Un répondant s'interroge :

"Est-ce que le DMP apporte réellement de nouveaux droits au patient ?"

En effet, un médecin affirme que le patient ne dévoile pas toutes ses informations médicales à tous ses médecins. Il masque déjà d'une certaine manière les données qu'il souhaite. Dans le cadre du DMP, le patient aura moins de contrôle du flux d'information entre les professionnels de santé, le droit au masquage tente donc de rétablir cette perte de contrôle.

6.2.2 Rendre plus supportable le DMP

Pour un intervenant, le droit au masquage est une manière détournée de faire adhérer les patients à ce dossier. Ce droit tente de rendre plus supportable la perte de liberté individuelle découlant du DMP.

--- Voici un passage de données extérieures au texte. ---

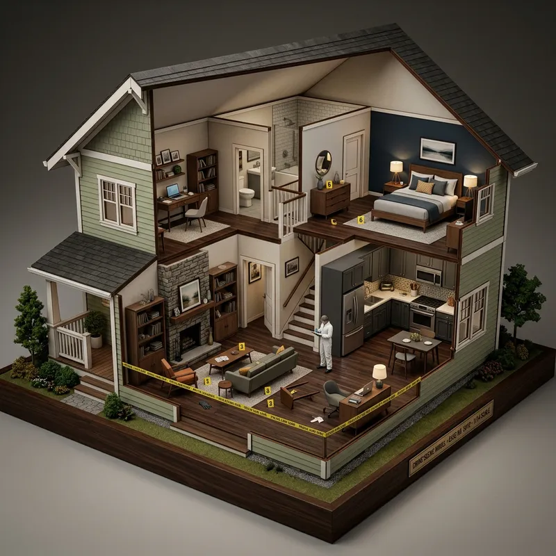 Detailed Two-Story Crime Scene Model Layout

6.2.3 Explication de l'exercice de ce droit

Différentes explications au sujet des raisons des patients à masquer une information médicale sont données lors des entretiens : l'impression d'être jugé, la honte d'être malade, la peur, l'ignorance et le fait de ne pas admettre sa maladie.

Ainsi le droit au masquage est identifié par une des personnes interrogées comme un mécanisme de réparation d'une souffrance.

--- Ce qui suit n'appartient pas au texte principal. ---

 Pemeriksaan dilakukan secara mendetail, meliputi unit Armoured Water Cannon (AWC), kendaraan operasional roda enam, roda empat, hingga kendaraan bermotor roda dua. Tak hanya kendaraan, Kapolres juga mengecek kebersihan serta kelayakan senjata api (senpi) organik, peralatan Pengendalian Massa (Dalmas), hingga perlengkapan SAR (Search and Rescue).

6.2.4 Conditions d'exercice de ce droit

6.2.4.1 La confiance dans le professionnel de santé

Un patient interrogé déclare que son masquage dépendra du conseil de son médecin car il a une grande confiance en lui.

6.2.4.2 Inscription variable des données

Une magistrate considère que l'usage du droit au masquage dépendra principalement des données que le médecin devra rentrer dans le dossier.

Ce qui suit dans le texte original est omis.